Menopausal Hormone Replacement Therapy (HRT) replenishes declining levels of estrogen and progesterone that occur during the menopausal transition. From a healthspan perspective, this mitigates the systemic consequences of hormone loss, which include accelerated bone density decline (osteoporosis), unfavorable shifts in cardiovascular risk factors, metabolic dysregulation, and potential impacts on cognitive function. By addressing this fundamental endocrine shift, HRT aims to preserve physiological function and reduce the risk of age-related diseases in women.
Verdict
A foundational intervention for post-menopausal women, with careful medical guidance.
HEALTHSPAN IMPACT
Foundational
RISK LEVEL
Moderate
EVIDENCE GRADE
A
MONTHLY COST
$30 - $250
Protocol
- Transdermal estradiol (e.g., 0.025-0.1 mg/day) is often preferred to bypass first-pass liver metabolism.

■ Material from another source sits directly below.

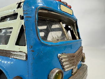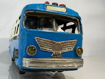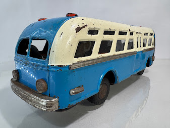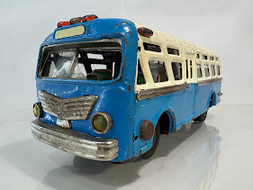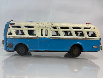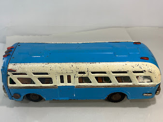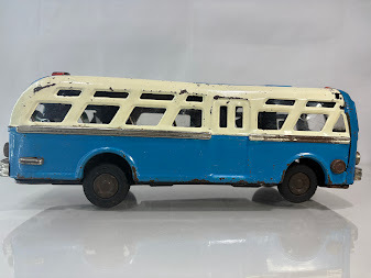 メーカー不明 ブリキ フリクション バス 全長29センチ 青 ダブルタイヤ

- Micronized progesterone (e.g., 100-200 mg) is co-administered to protect the uterine lining.
- Therapy is typically initiated during perimenopause or early menopause for maximum benefit.
Flags
- Requires a prescription and ongoing monitoring by a qualified physician.
- Risk profile is highly dependent on timing of initiation (early vs. late menopause).
- Oral estrogen increases clotting risk; transdermal application is generally preferred for healthspan.
- Unopposed estrogen (without progesterone) increases uterine cancer risk in women with a uterus.
- Contraindicated for individuals with a history of certain cancers (e.g., breast, uterine).